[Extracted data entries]
════════
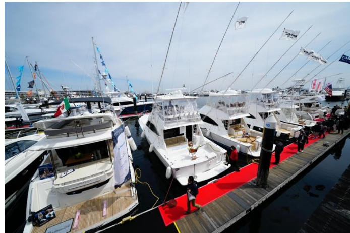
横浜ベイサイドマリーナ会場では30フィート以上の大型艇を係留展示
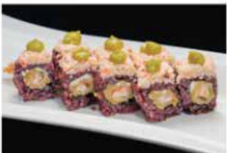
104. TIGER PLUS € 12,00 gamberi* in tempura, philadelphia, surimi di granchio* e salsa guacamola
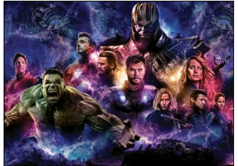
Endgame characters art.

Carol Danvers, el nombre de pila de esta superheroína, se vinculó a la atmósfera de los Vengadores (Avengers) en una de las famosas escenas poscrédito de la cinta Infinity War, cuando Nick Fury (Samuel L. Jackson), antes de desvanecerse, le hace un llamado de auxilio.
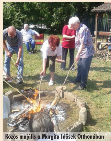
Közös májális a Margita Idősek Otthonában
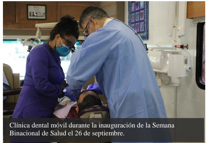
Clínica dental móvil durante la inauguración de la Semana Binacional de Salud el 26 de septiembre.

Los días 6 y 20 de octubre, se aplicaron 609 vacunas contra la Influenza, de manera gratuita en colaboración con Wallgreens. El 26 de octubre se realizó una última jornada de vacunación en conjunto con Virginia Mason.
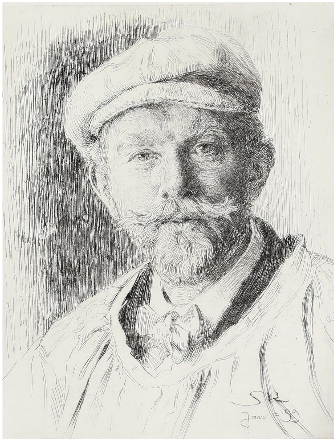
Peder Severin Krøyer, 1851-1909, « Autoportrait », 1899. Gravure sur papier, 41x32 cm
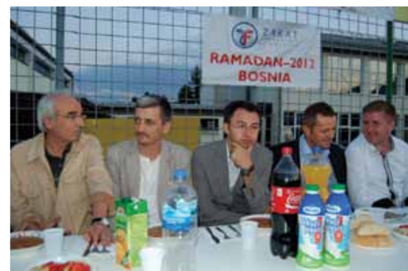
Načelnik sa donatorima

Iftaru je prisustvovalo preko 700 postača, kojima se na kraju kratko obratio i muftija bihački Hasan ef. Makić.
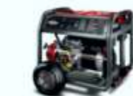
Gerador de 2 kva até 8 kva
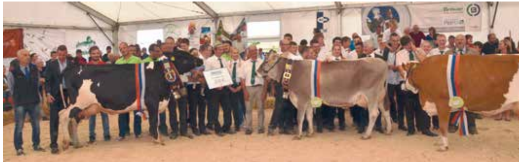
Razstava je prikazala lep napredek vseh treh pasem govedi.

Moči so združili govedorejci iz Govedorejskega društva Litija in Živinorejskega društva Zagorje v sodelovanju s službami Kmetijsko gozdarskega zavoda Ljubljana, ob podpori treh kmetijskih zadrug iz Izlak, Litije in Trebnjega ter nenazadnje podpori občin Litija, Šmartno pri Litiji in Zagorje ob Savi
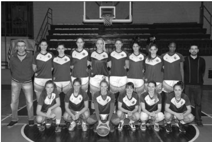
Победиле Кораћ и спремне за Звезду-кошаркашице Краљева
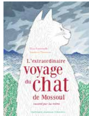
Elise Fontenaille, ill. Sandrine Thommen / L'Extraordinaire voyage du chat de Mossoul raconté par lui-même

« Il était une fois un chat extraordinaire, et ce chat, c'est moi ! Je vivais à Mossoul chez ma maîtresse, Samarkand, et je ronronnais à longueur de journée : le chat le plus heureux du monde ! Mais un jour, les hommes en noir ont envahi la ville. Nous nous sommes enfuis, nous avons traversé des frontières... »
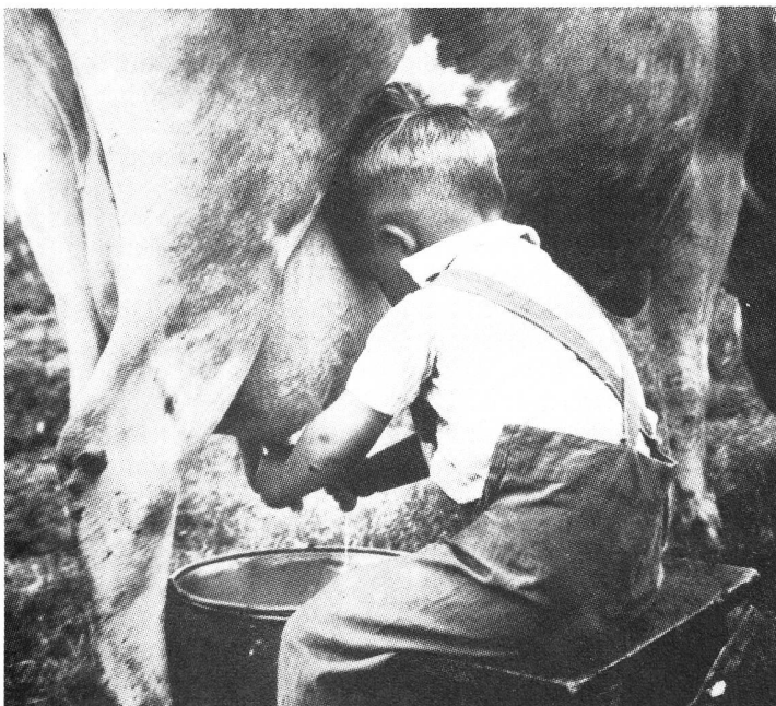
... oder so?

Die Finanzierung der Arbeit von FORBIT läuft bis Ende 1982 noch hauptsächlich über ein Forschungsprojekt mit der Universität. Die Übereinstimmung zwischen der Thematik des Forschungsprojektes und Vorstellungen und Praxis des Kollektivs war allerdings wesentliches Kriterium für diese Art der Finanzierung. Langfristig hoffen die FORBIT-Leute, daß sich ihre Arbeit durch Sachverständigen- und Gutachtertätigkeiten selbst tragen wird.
════════
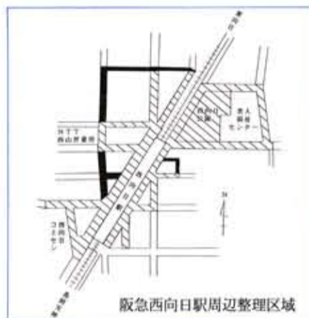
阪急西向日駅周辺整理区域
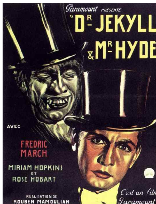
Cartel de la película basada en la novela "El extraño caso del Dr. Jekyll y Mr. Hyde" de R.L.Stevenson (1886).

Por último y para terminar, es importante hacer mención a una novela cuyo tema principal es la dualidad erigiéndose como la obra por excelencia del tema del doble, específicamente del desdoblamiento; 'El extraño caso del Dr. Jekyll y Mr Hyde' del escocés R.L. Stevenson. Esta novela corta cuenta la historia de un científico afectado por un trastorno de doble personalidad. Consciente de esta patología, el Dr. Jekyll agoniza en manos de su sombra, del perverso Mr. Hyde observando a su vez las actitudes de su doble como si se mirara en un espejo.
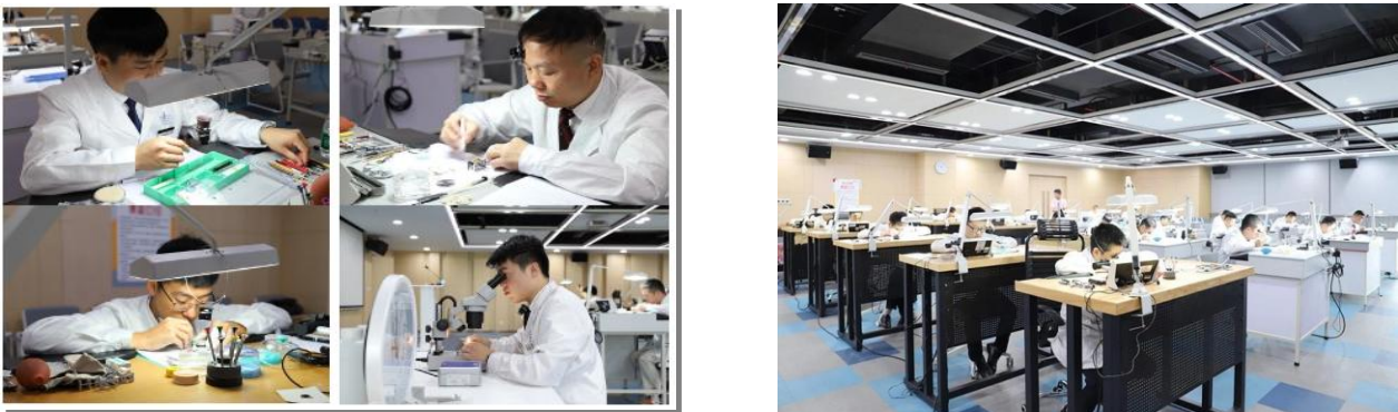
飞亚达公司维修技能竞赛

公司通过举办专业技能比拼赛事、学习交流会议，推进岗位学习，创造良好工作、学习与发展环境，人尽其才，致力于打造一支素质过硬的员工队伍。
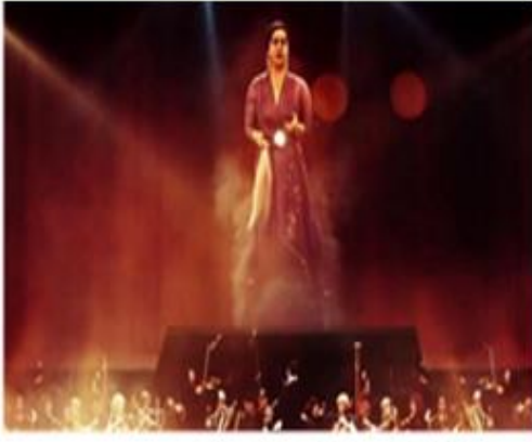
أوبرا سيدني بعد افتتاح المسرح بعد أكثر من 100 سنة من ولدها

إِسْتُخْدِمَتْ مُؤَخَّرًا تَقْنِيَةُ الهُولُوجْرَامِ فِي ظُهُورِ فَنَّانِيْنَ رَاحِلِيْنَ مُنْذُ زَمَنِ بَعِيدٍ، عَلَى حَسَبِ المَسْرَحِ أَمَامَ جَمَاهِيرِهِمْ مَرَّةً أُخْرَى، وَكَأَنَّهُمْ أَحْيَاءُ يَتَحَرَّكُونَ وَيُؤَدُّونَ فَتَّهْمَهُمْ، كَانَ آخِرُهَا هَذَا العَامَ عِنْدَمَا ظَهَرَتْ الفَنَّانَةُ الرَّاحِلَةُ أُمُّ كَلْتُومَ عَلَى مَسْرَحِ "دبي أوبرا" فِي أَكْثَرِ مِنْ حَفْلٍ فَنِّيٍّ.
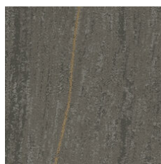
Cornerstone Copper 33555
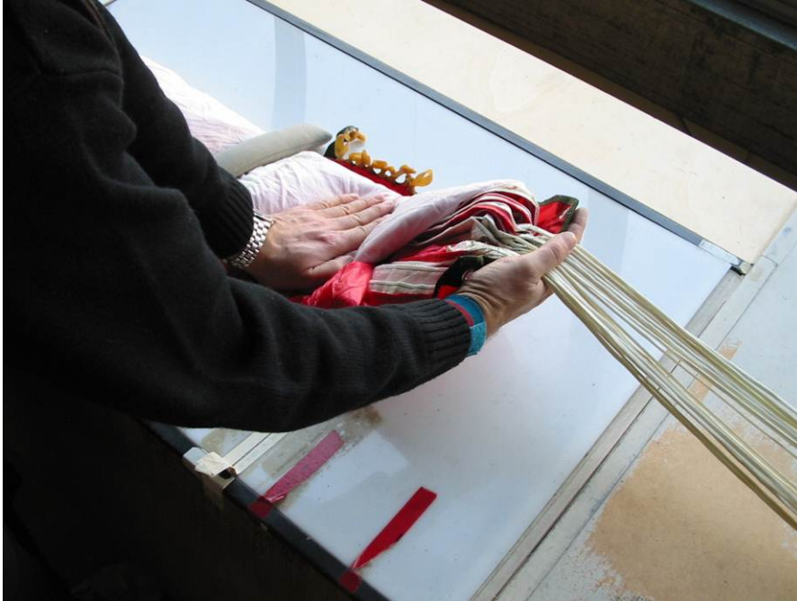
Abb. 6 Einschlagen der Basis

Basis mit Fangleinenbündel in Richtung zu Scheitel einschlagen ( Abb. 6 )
════════
▶ Assignment
Word for word, repeat the lines above from the one with "横浜ベイサイドマリーナ会場では30フィート以上の大型艇を係留展示" through the one with "Clínica dental móvil", and nothing beyond them. Omit the pictures.

▶ Result of the task
横浜ベイサイドマリーナ会場では30フィート以上の大型艇を係留展示
104. TIGER PLUS € 12,00 gamberi* in tempura, philadelphia, surimi di granchio* e salsa guacamola
Endgame characters art.

Carol Danvers, el nombre de pila de esta superheroína, se vinculó a la atmósfera de los Vengadores (Avengers) en una de las famosas escenas poscrédito de la cinta Infinity War, cuando Nick Fury (Samuel L. Jackson), antes de desvanecerse, le hace un llamado de auxilio.
Közös májális a Margita Idősek Otthonában
Clínica dental móvil durante la inauguración de la Semana Binacional de Salud el 26 de septiembre.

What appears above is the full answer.